How can the Economist -- expensive, few ads, limited online presence -- be thriving in the digital age when so many other weekly news magazines are in trouble? The Atlantic makes an intriguing point about the value of insight as opposed to simply offering lots of info:
Now that information is infinitely replicable and pervasive, original reporting will never again receive its due. The real value of the Economist lies in its smart analysis of everything it deems worth knowing—and smart packaging, which may be the last truly unique attribute in the digital age.
I'm not sure I'd go that far. Someone still has to go out there and do original reporting. But "original reporting" is not stenography. The task of relating informaiton from a press conference or event has become commodity news, and that field is overcrowded. Now that it's so easy to see reports from so many sources about, say, a presidential press conference or major vendor product announcement, you can find hundreds of similar stories about such things. How many are actually needed? Some, without question. But I doubt we need the number we have now.
Successful publishers must either find less crowded niches or more useful way of serving broader markets. Those who want to play in the breaking news space must also deliver authoritative, useful analysis. That's also "original reporting."

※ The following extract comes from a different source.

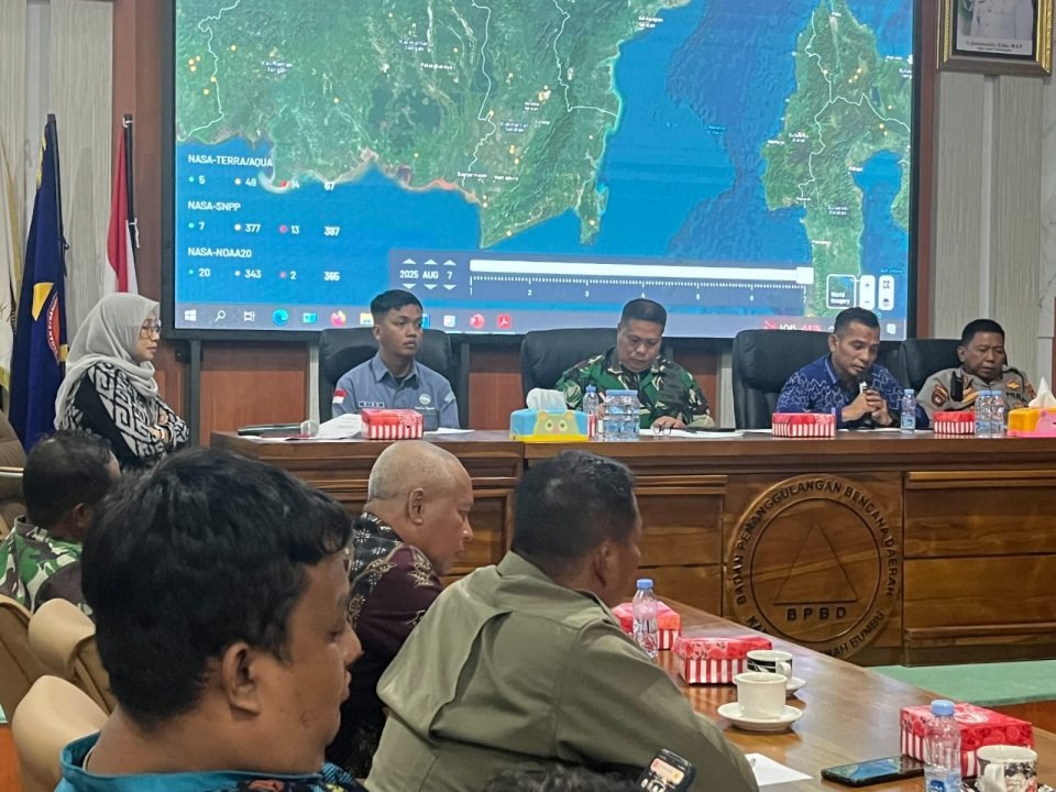 Rapat Koordinasi (Rakoor) kesiapsiagaan menghadapi bencana Karhutla digelar di Kantor Pusdalops Badan Penanggulangan Bencana Daerah (BPBD) Tanah Bumbu (Tanbu) , Kamis (7/8/2025).
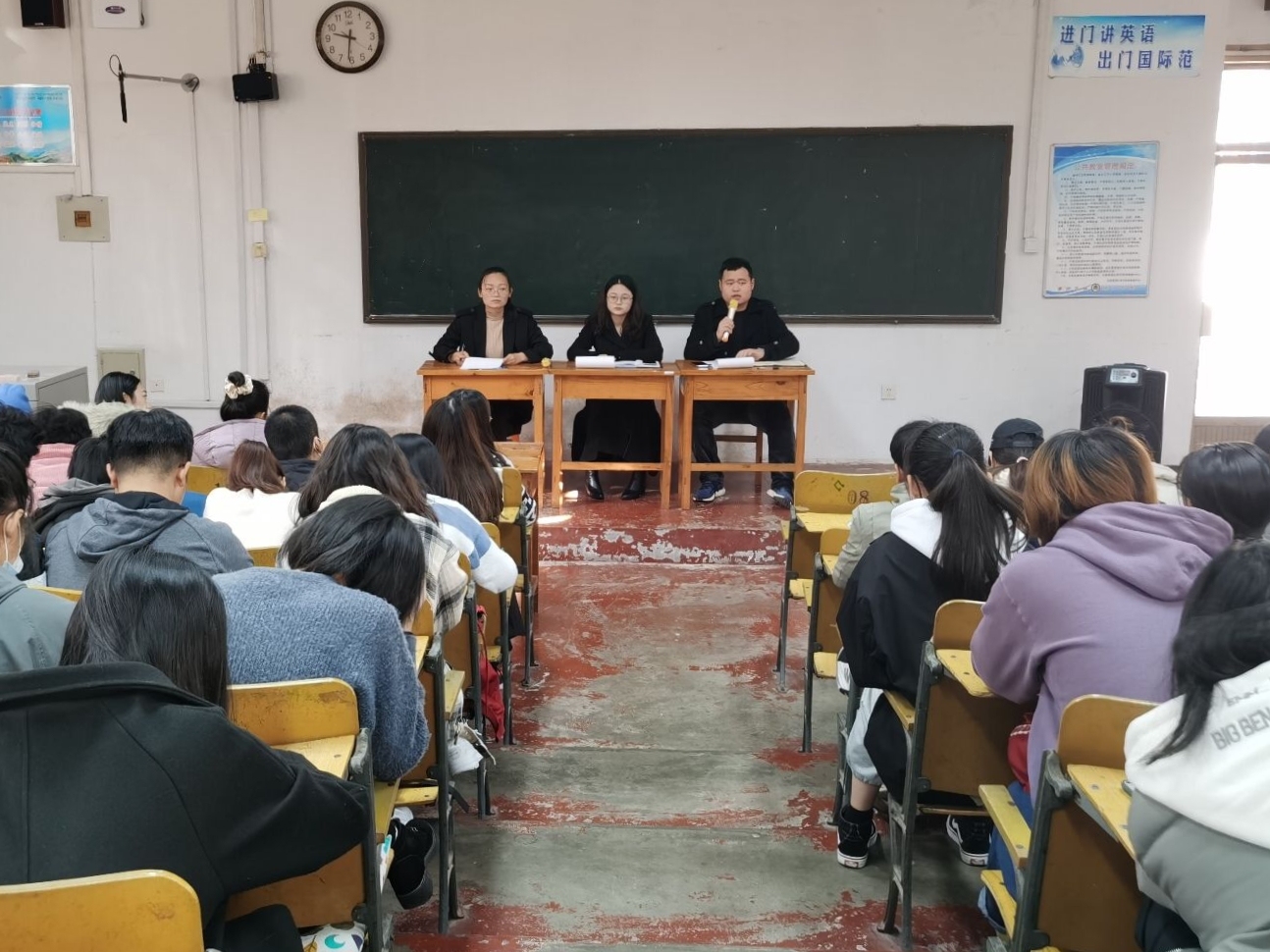 首先,2020级辅导员王伟对2020级新开设的劳动教育课程的实施方案进行了详细讲解,教学方案内容包括课程要求、课程实施办法、开设内容与学分配、课程考核、评分及成绩录入五个方面紧接着,宿管部部长魏文晴和卫生健康部部长魏哲对宿舍内务整理与教室卫生区清洁的评分标准进行了详尽的介绍。随后,2018级辅导员赵文彬强调了关注心理健康问题的重要性,希望心理健康信息员履行自身职责,悉心关切身边同学的心理健康,并及时向各级辅导员进行有效反馈,以保障同学们能够正确对待心理问题。最后,2019级辅导员张晓对会议内容进行了概括总结,再一次强调了劳动教育课和整理宿舍内务的重要性,着重提醒同学们注意财产安全,并要求各位学生干部准确无误地传达会议内容。

The biggest favor we can do for our audience is to help them deal with information overload. People already have plenty of random acts of information. Ultimately, we need to respond to the same questions I was asking reporters to answer 20 years ago:
Why does this matter?
Those are the questions the Economist helps its readers answer, and what those of us publishing in any format must address if we expect our audience to invest their time in what we do.